## WHAT TO PRODUCE
Only the lines from the line containing "全3色 フラット シューズ" to the end of the material belong in the copy; set them down exactly, without pictures.

## GIVEN INFORMATION

----

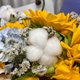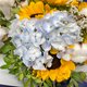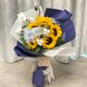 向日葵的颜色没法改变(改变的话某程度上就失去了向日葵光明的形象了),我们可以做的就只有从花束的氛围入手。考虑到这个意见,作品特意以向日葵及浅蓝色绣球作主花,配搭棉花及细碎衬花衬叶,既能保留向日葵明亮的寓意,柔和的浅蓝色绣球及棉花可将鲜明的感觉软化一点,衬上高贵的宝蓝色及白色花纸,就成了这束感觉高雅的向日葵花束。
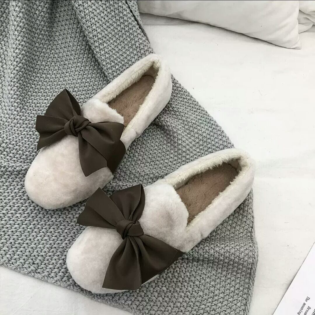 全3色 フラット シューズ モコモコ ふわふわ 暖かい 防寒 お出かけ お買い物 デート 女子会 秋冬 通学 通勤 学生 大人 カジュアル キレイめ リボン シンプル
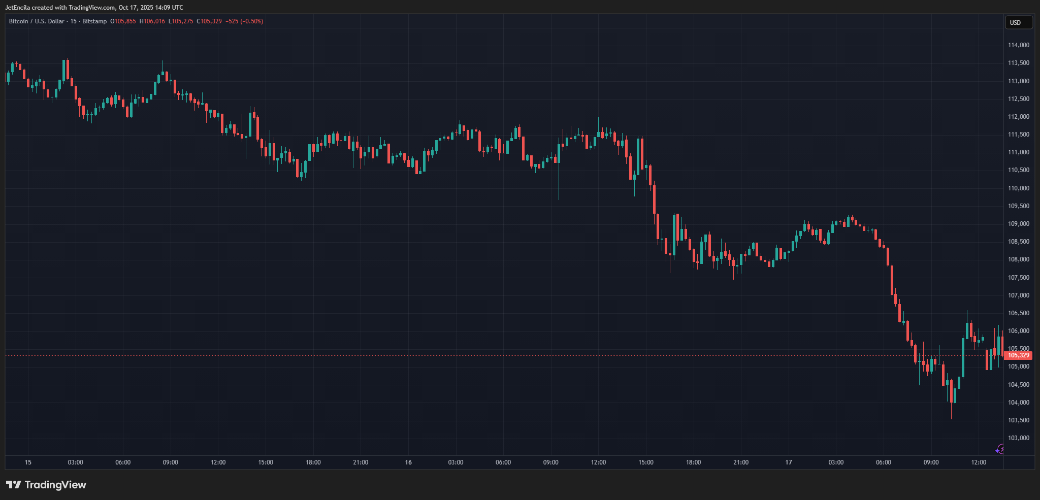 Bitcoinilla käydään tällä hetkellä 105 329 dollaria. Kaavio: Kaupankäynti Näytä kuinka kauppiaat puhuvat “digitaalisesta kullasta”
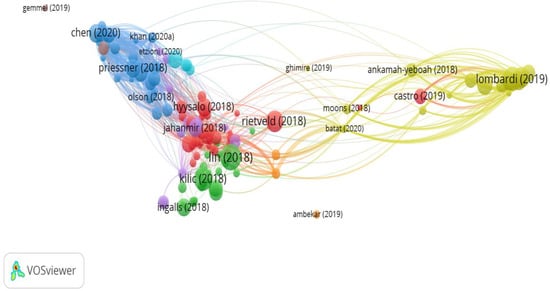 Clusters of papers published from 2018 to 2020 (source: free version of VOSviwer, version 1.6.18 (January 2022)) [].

----

## RESPONSE
 全3色 フラット シューズ モコモコ ふわふわ 暖かい 防寒 お出かけ お買い物 デート 女子会 秋冬 通学 通勤 学生 大人 カジュアル キレイめ リボン シンプル
 Bitcoinilla käydään tällä hetkellä 105 329 dollaria. Kaavio: Kaupankäynti Näytä kuinka kauppiaat puhuvat “digitaalisesta kullasta”
 Clusters of papers published from 2018 to 2020 (source: free version of VOSviwer, version 1.6.18 (January 2022)) [].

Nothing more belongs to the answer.